What to produce | Without any pictures, print exactly the lines that run from the start of the data through the line containing "作为大学生校园生活的超级管家".

Recorded information |
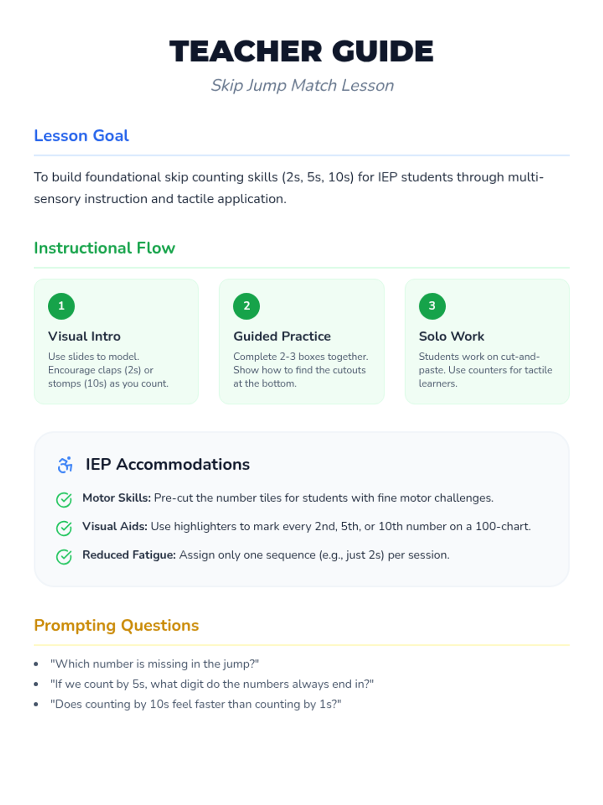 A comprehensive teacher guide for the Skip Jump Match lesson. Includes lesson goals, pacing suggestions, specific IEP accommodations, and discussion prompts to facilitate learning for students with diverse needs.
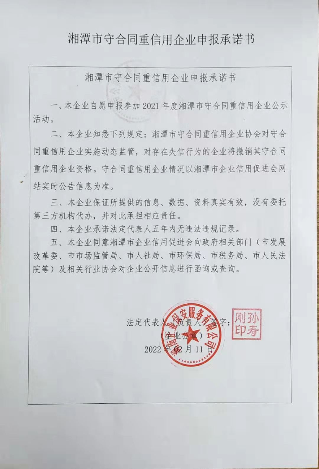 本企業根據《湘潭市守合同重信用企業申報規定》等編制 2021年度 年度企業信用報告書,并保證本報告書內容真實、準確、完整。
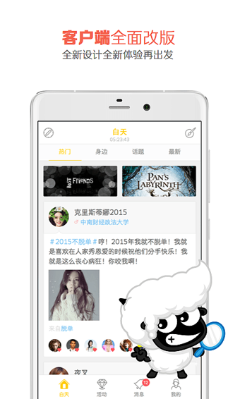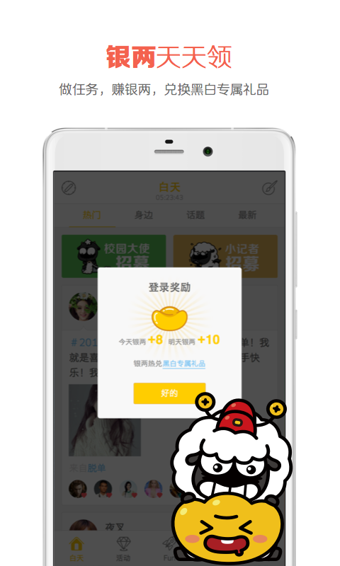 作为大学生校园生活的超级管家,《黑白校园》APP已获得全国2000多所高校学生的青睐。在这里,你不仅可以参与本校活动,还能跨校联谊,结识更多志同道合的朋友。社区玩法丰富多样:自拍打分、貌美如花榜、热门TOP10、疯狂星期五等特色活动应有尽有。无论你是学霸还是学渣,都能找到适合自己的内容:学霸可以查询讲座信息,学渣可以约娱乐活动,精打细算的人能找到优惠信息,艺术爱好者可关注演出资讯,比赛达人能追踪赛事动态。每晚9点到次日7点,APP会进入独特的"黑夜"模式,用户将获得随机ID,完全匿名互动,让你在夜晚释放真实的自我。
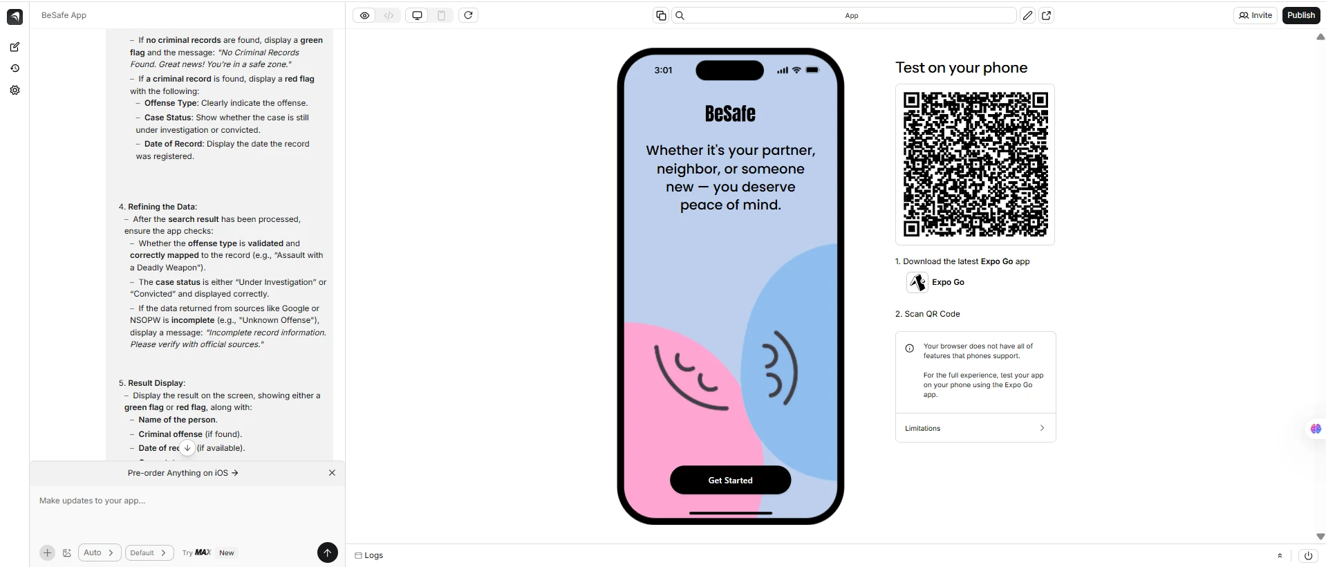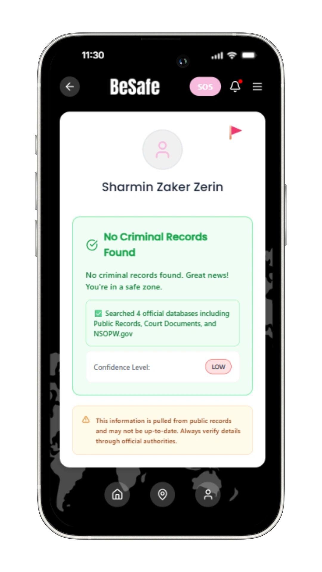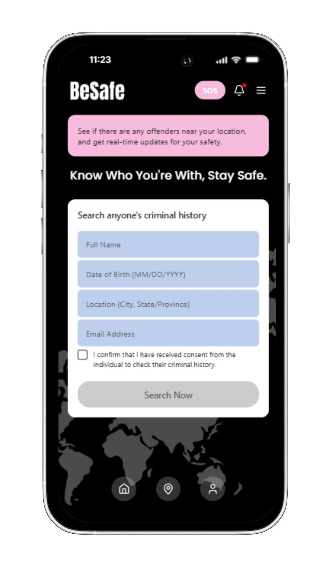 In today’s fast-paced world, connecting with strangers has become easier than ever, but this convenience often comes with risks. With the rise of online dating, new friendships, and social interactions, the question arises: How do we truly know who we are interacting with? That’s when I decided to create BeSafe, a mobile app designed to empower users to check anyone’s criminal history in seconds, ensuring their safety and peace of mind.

Written solution |
 A comprehensive teacher guide for the Skip Jump Match lesson. Includes lesson goals, pacing suggestions, specific IEP accommodations, and discussion prompts to facilitate learning for students with diverse needs.
 本企業根據《湘潭市守合同重信用企業申報規定》等編制 2021年度 年度企業信用報告書,并保證本報告書內容真實、準確、完整。
 作为大学生校园生活的超级管家,《黑白校园》APP已获得全国2000多所高校学生的青睐。在这里,你不仅可以参与本校活动,还能跨校联谊,结识更多志同道合的朋友。社区玩法丰富多样:自拍打分、貌美如花榜、热门TOP10、疯狂星期五等特色活动应有尽有。无论你是学霸还是学渣,都能找到适合自己的内容:学霸可以查询讲座信息,学渣可以约娱乐活动,精打细算的人能找到优惠信息,艺术爱好者可关注演出资讯,比赛达人能追踪赛事动态。每晚9点到次日7点,APP会进入独特的"黑夜"模式,用户将获得随机ID,完全匿名互动,让你在夜晚释放真实的自我。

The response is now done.